EKLENME TARİHİ: 24 HAZİRAN 2013
Her yıl olduğu gibi bu yıl da 23 Haziran 2013 Pazar günü Haliç Kongre Merkezi’nde İstanbul Üniversitesi İstanbul Tıp Fakültesi 2013 dönemi mezuniyet töreni yapıldı. Diğerlerinden farkı ise “Gezi Direnişi” olarak tarihe geçecek bir ”halk hareketi” sonrasına denk gelmesiydi.

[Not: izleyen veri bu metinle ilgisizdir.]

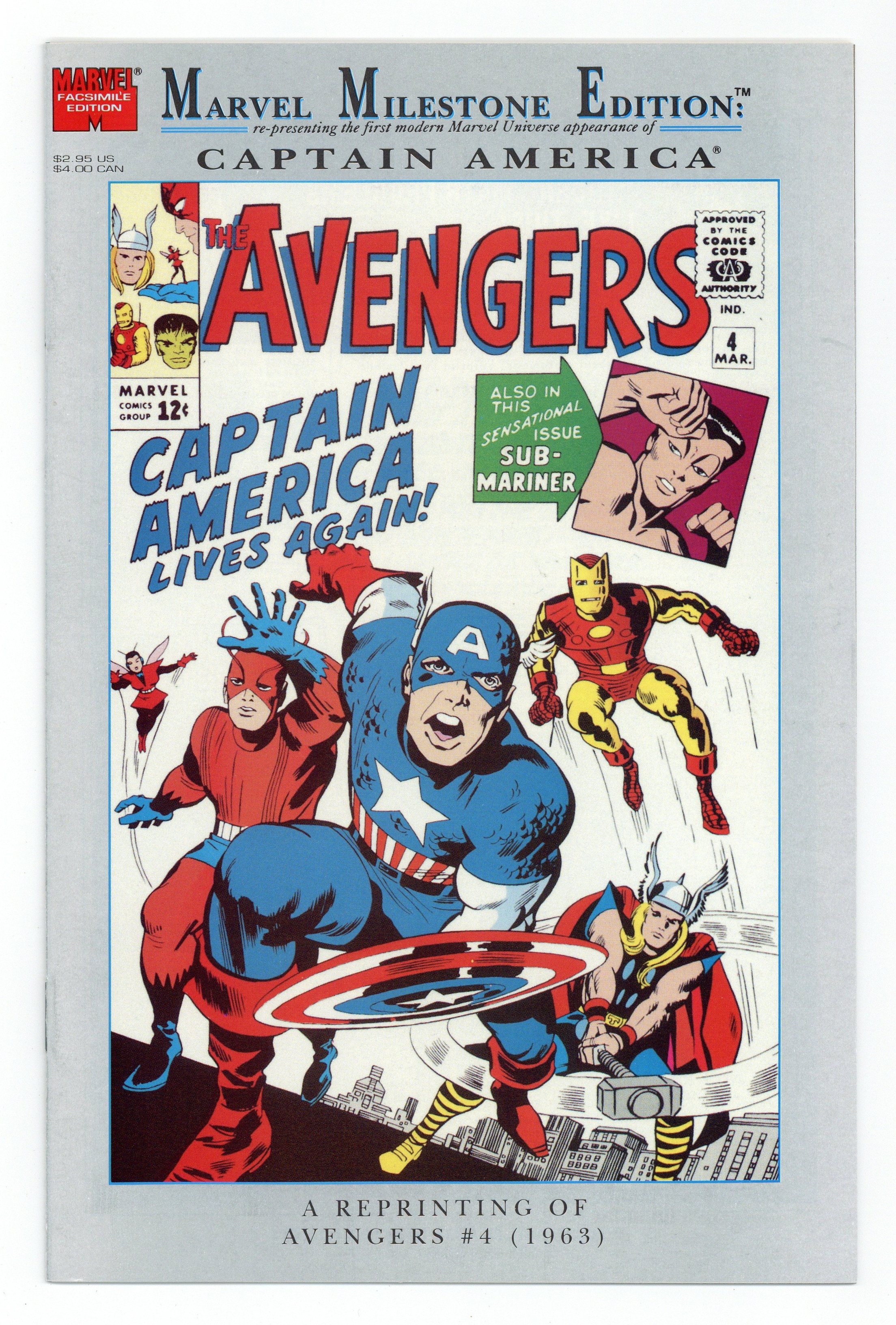 Reprints Avengers #4 (revival of Captain America); Jack Kirby art Cover price $2.95.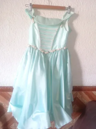 Vestido de niña en tono azul claro, ideal para comunión o eventos especiales.30 de sisa, 81 de alto - Diseño estilo princesa. - Cuerpo con detalles de encaje y lazada. - Falda amplia y vaporosa. - Adornos de volantes en la cintura y bajo. Falta cambiar cremallera, también lo puedo hacer yo' ajustando menos su precio, subiría diez e.u. más)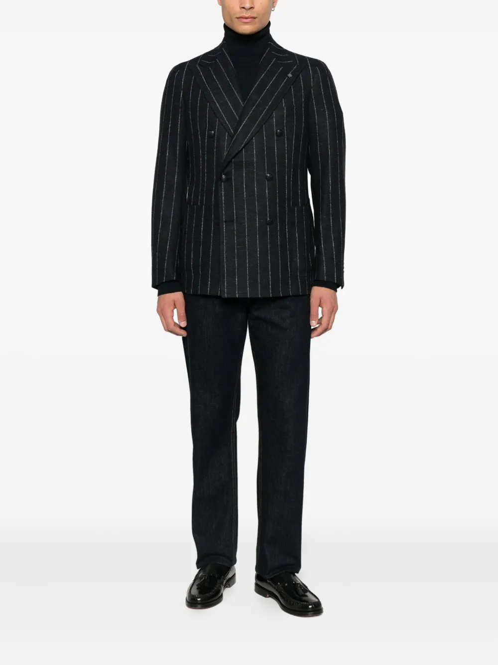 Полосатый двубортный пиджак Tagliatore, черный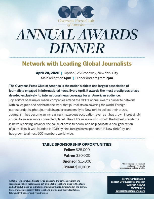 WATCH LIVE: 86th Annual Overseas Press Club Awards
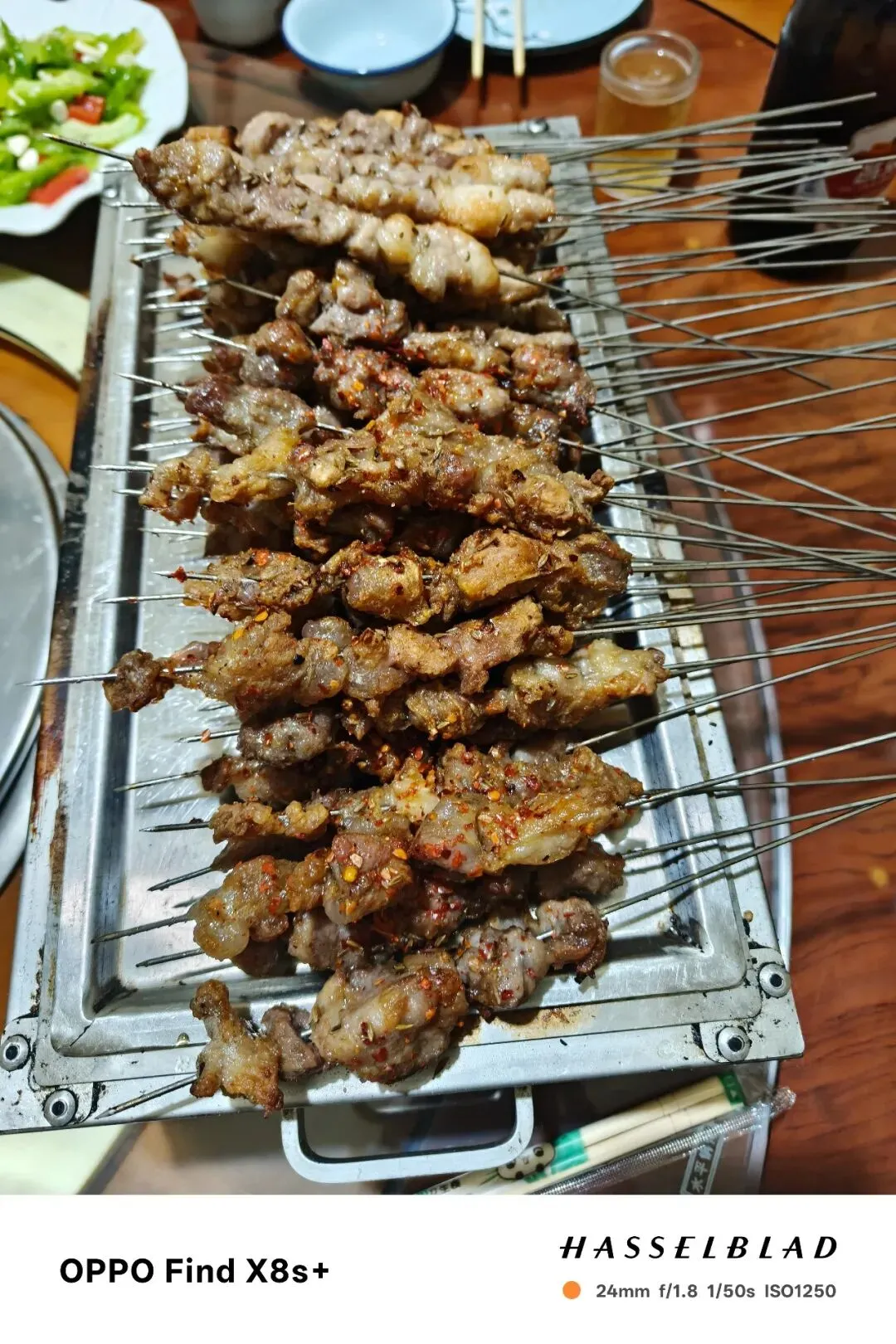 吃的时候,又发现了一个金属签子的好处,那就是可以轻松的把肉从签子上撸下来,放到盘子里慢慢吃。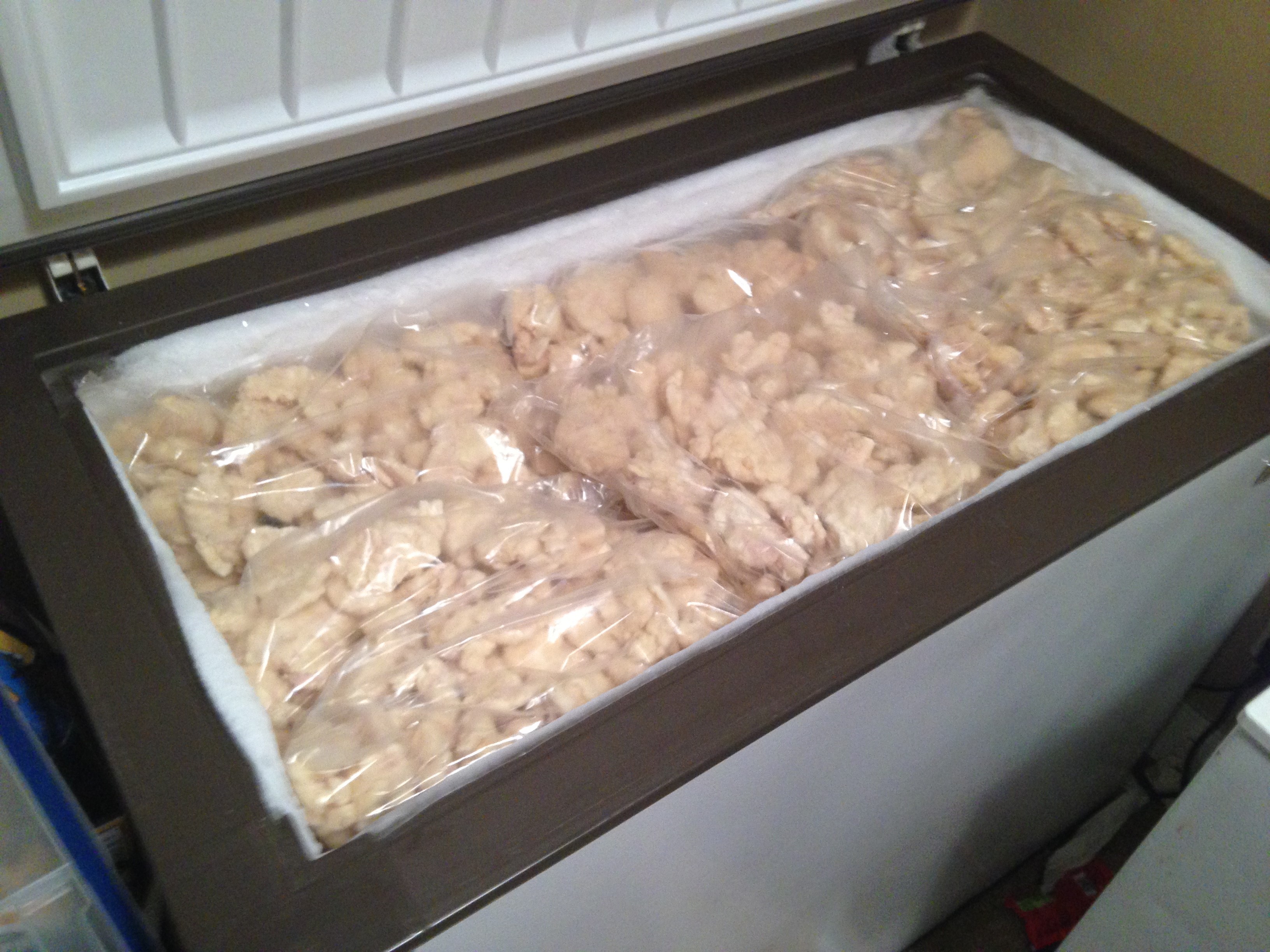 Other food donations included party leftovers from an AllSouth Appliances ladies night, 150+ Panera Bread meals and 200+ chick-fil-a chicken biscuits and popcorn shared from the leftovers of the Freedom Conference at Church of the Highlands Grandview, lettuce and mushrooms from our organic farmer partner, more popcorn from the Giving Hope Outreach from Church of the Highlands Grandview, and our normal 15 weekly food rescue pickups. Strong Arm Ministry Food Bank of Albertville, AL, also shared with us two pallets (348 bags) of frozen chicken nuggets that is a miraculous supplement to our food boxes as we were not able to purchase enough meat for our food boxes. God always creatively does it!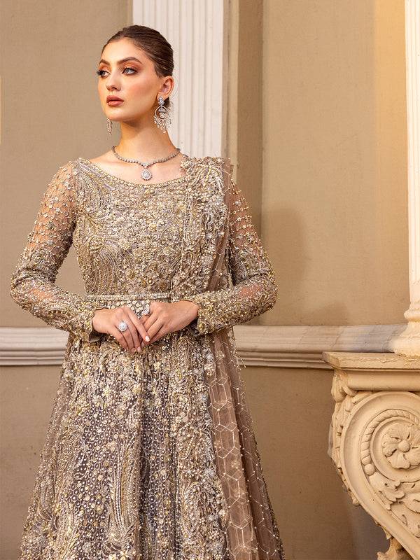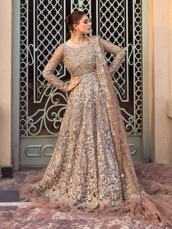 The beautifully designed ensemble while exhibiting timeless beauty will float your way through this wedding season giving finishing touches by adding katori sequins, peach crystals, floral sequins, beads and other embellishments. The ensemble is complemented with a net tail and dupatta, this design creates a bold composition that is not for a faint heart.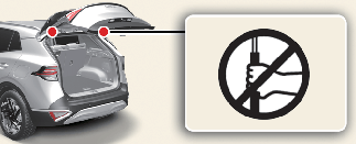 No aplique agua a alta presión directamente sobre el botón exterior de apertura/cierre del portón trasero eléctrico. El portón trasero podría abrirse accidentalmente.

İstanbul Tabip Odası olarak sadece bu yıl değil her yıl genç hekimlerin mezuniyet törenlerinde bulunmayı çok önemsedik. Onları mesleğe ilk adımlarını atarken yalnız bırakmamaya özen gösterdik. Zorlu hekimlik yaşamlarında “Her zaman çalabilecekleri bir kapının var olduğunu” bazen ilk beyaz önlüklerini hediye ederek, bazen onları kucaklayarak anlatmaya çalıştık
2013 yılının yaz başlangıcında, yaşadığımız ayda, yani “Gezi ruhunun” ülkenin her tarafında, amma illaki gençlerin zihinlerinde, sohbetlerinde geriye dönüşsüz yer ettiği bir zamanda Tıp Fakültesi mezuniyet törenleri kendini bundan azade kılabilir mi? Hangi güç, hangi yasak, hangi baskı bunu engelleyebilir? Öyle fiziksel bir engellemeden bahsetmiyoruz. İstediğimiz kadar “mezuniyet resmi programında” yer vermeyelim. Güvenlikçi duvarları örelim. Politikacıların bilerek yaratmaya çalıştığı kutuplaşmadan etkilenmiş veli ya da aile tepkisi ile gürültü çıkaralım. Bu ruh ortadan kalkmaz ki! Gündüz diploma töreninde “engellense” gece Balo’da, öğrenci evlerinde, yurtlarda, kafelerde başka konu mu konuşulacak sanıyorsunuz. Kürsüden kimse dillendirmese 2013 Haziranı’nda “Gezi” konuşulmadan, hele ki sokaklarda yaralıların peşinden koşarken destan yazmış “genç hekimlerin” anıları bu kadar tazeyken, bunun görünmez kılınabileceğine inanan var mı aramızda?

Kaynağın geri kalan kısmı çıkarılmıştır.